As attitudes have changed, so has the churches stance to remain relevant. Even to the point that the pope said just the other day that "who is he to judge gays" The church changes with the times, it might be a bit slow(arrogance of the leadership does that), but it does change.

Except that the church does not change its doctrine and core message. They may have a different way of saying it today than in 1960 or 1500, but it's still the same thing. Why did the Pope say "who is he to judge gays?" Because the church has always taught that it is the act of sexual immorality that is the sin, not the fact that one is gay. We don't burn witches anymore, thankfully, but not because the church has decided that witchcraft is okay.

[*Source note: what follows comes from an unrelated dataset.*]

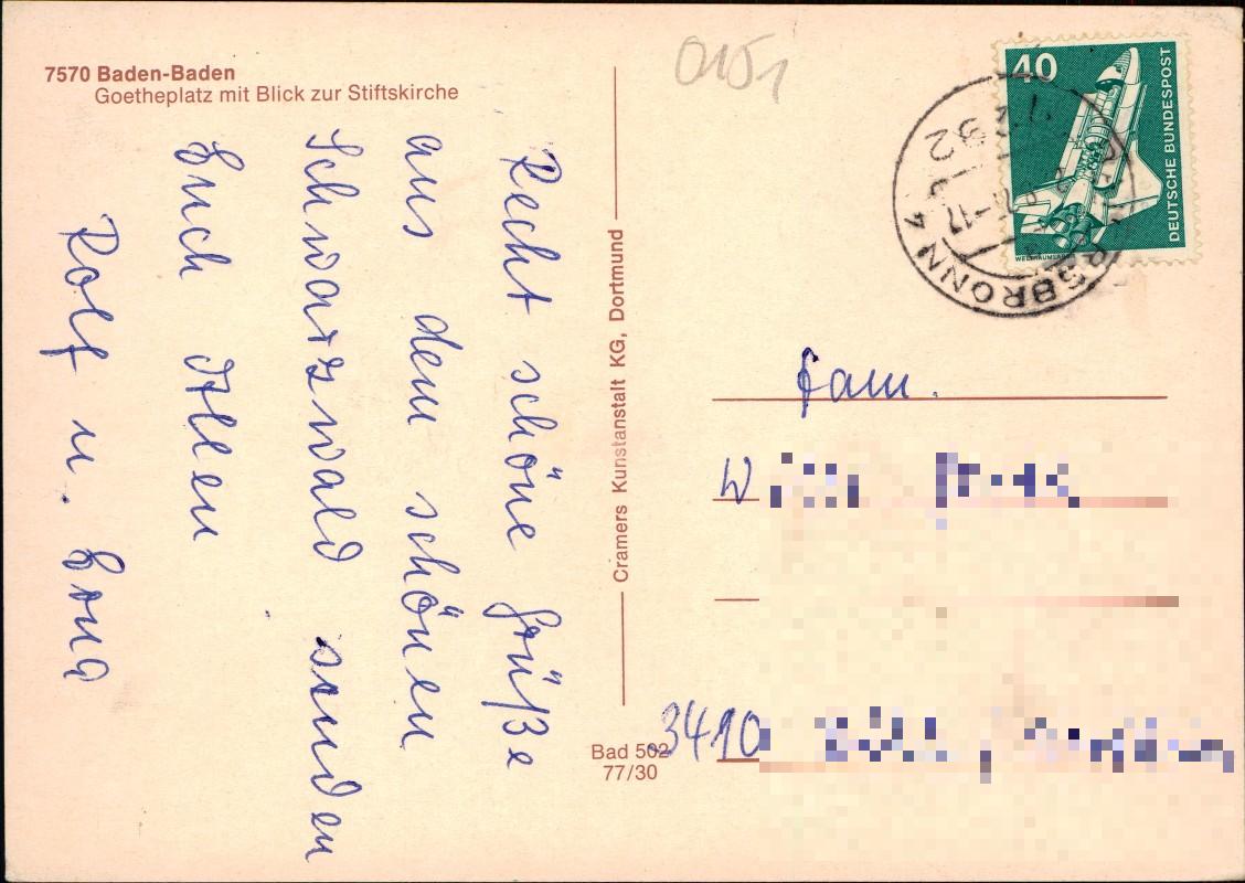 Postcart: Goetheplatz Geschäft Photo Kohn - Baden-Baden

Now, you may have a point about other offshoots from the Roman Catholic church -- on the next episode of the Loudmouth show (Sunday night at 7:30 Eastern on ATS Radio, lol) I have a go at the American Episcopal church which, while trying to "stay with the times", has actually begun to jettison orthodox Christian doctrine, such as the resurrection and Christ's divinity -- they are losing mass amounts of members as a result, but they're still doing it, in an effort to become a "modern church."

But the Roman Catholic church, which points to Apostolic succession as evidence that it is "the" church that Christ founded at Pentecost (something I personally take issue with, but...), does not create new doctrine, it just clarifies what it already has, so it is unlikely to fall into the trap that the Episcopalians have, and it's why many former Episcopalians are now Catholic.